As duas delegações contaram de seus planos nacionais com vistas à próxima reunião do Fórum Internacional de Exploração Espacial, além de debateram formas de cooperar mais sobre as atividades civis de observação da Terra, ciências espaciais, clima espacial e Sistemas de Navegação Global por Satélite (GNSS) civis.

EUA e China confirmaram a relevância do Diálogo Espacial Civil e reafirmaram que a iniciativa irá fortalecer suas relações de cooperação espacial e promover os resultados do Diálogo Estratégico e Econômico entre os dois países.

Eles também acertaram que o 2º Diálogo Espacial Civil terá lugar em Washington, em 2016.

Que esse diálogo se prolongue por tantos anos quanto forem necessários para que a paz, a segurança e a colaboração verdadeira triunfem em definitivo.

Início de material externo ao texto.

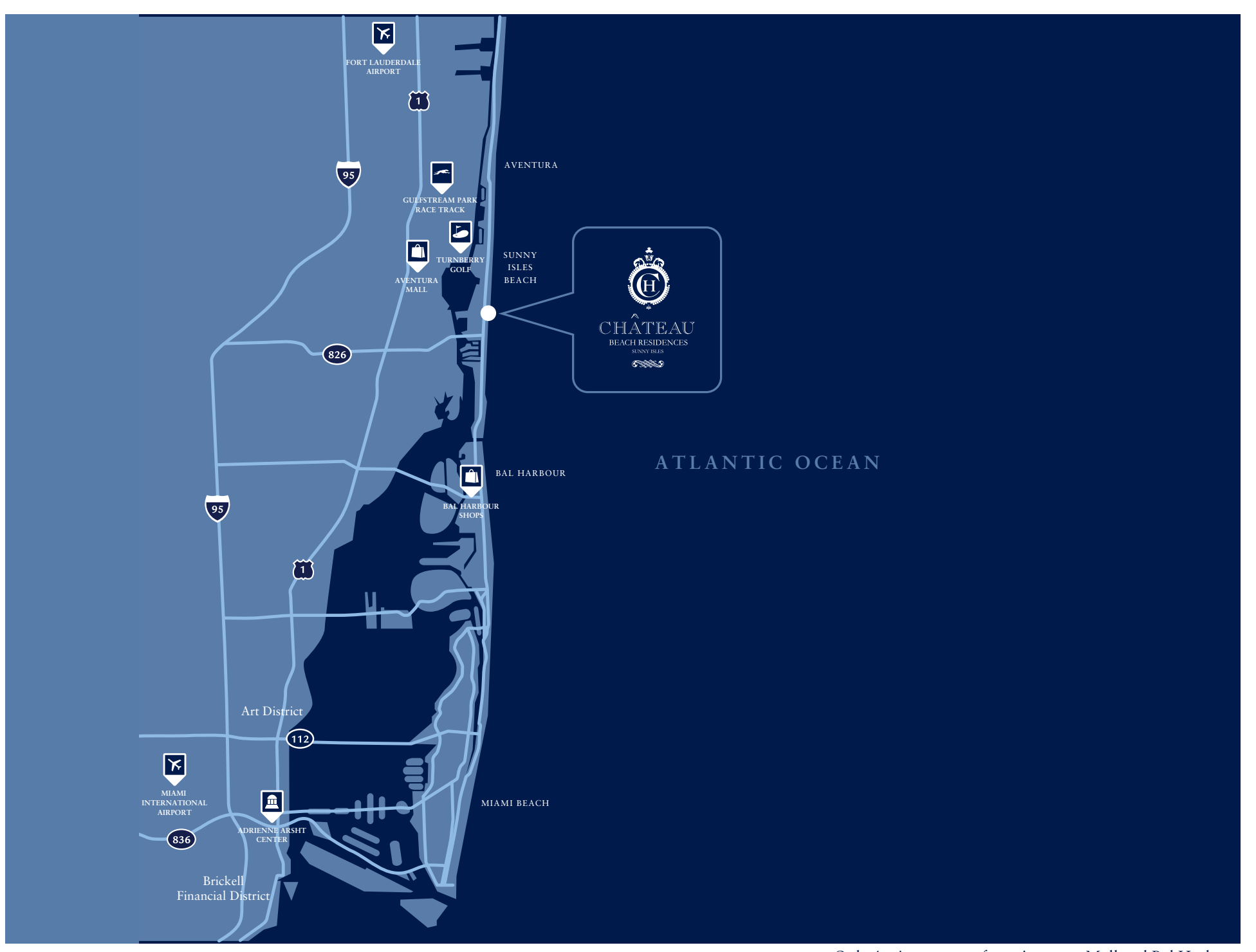
Only 4 minutes away from Aventura Mall and Bal Harbour
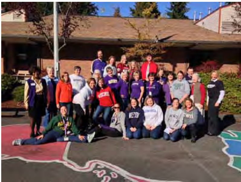
“College Knowledge” Day! Woodside staff wore college attire and shared with students what college has meant for their lives and careers.
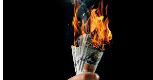
COSTS OF LITIGATION

The role of the City Attorney is also a preventative one. How to guide the client through possible disputes to avoid costly litigation.
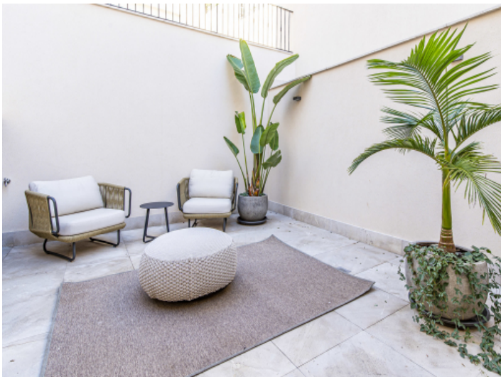
Private patio of the master bedroom
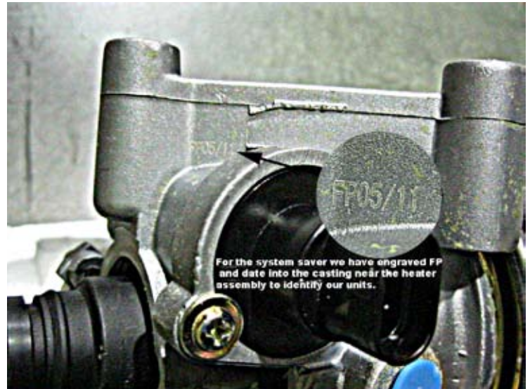
R955205 (System Saver)

Questions can be directed to our technical staff at 877-243-0442.
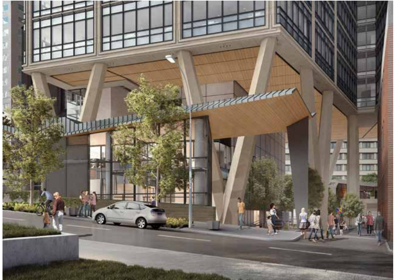
UNIVERSITY STREET LOOKING SOUTH
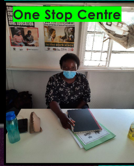
One Stop Centre
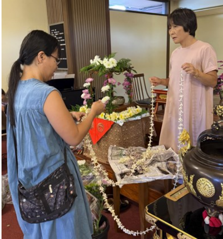
Decorating the Hanamido
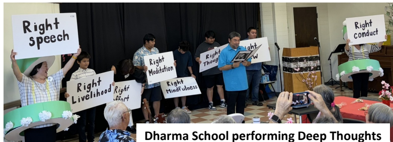
Dharma School performing Deep Thoughts
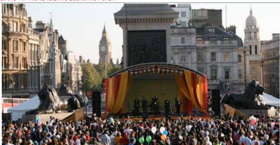
Londoners of Muslim and other faiths celebrate 'Eid in the Square' in 2007, organised jointly by the Muslim Council of Britain and the Mayor of London.
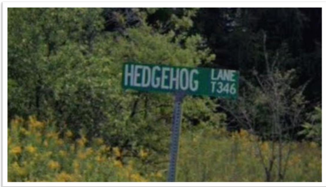
Figure 3: Township Road sign with a TR number present
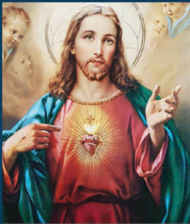
JESUS CHRIST OUR FOUNDATION
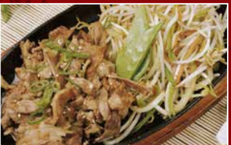
130. Butashoga teppanyaki $19.80 Sliced pork in ginger sauce served on hot plate
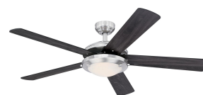
Reversible Wengue Finish Blades
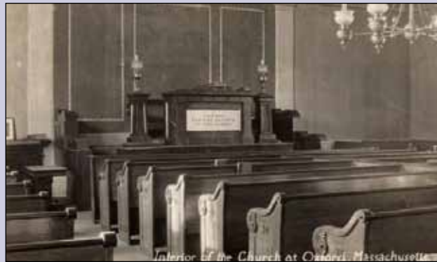
The interior of the Oxford, MA Universalist Church in the mid-19th Century

If you've been in the church office in the last couple of months, you may have noticed a new, large addition to the décor. At the end of last year, we were asked to serve as the caretakers of an important artifact of Universalist History.
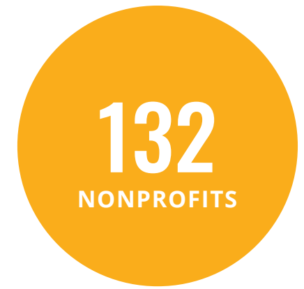
2023 NUMBER OF LOCAL NONPROFITS SERVED BY JCF
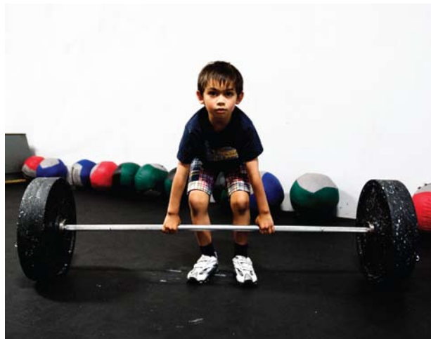
Youngsters should only be introduced to strength training when they're mentally mature enough to follow the instructions that will keep them safe.

The emphasis in the beginning should be on perfecting technique. Don't get caught up in numbers. Master the form and the numbers will come automatically.
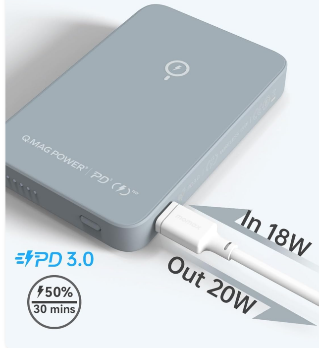
Image: The MOMAX power bank with a USB-C cable plugged in, highlighting its PD 3.0 fast charging capabilities with 18W input and 20W output.
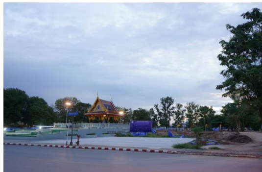
Fig. 4. Phitsanulok's Central Park (under construction).

Regarding historic places, Phitsanulok as a historic city is physically illustrated by the structural remains from its past. Its historic quarter is right at the heart of the city. Located in the studied area are three Buddhist temples, a royal monument, and the remains of the old city walls ( Fig. 2 ). Although other several historic places are also in the vicinity, the studied area is selected because it encompasses the undergoing project of city development. A combination of old and new structural elements makes the study up to date and, therefore, its result could possibly be applied to future development plan to approach an extensive planning.
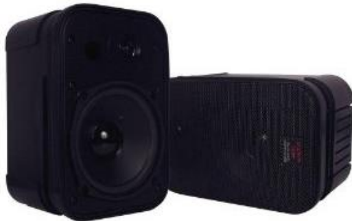
Pyramid 4080 High Performance 400 Watt book case Speaker System with Monitor Style Bass Reflex $39.99
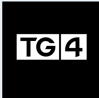
* Úsáid an logo seo sa chás eisceachtúil go bhfuil an cúlra ró-dhorcha don logo dubh. * Use this logo when the background is too dark for the main logo.
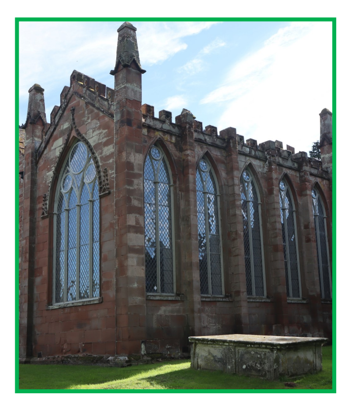
The Howard Chapel from outside.
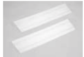
6" / 9" (152/229mm) Tote Long Divider

* Vice-Presidente da Associação Brasileira de Direito Aeronáutico e Espacial (SBDA), Diretor Honorário do Instituto Internacional de Direito Espacial, Membro Pleno da Academia Internacional de Astronáutica (IAA) e Chefe da Assessoria de Cooperação Internacional da Agência Espacial Brasileira (AEB). Esse artigo expressa exclusivamente a opinião do autor.

Referências

1) Ver www.space.com/29671-china-nasa-space-station-cooperation.html. Isso foi o que o colunista Leonard David escreveu no Space.com, em 16 de junho passado.
2) Ver www.reuters.com/article/2015/06/23/us-china-usa-airforce.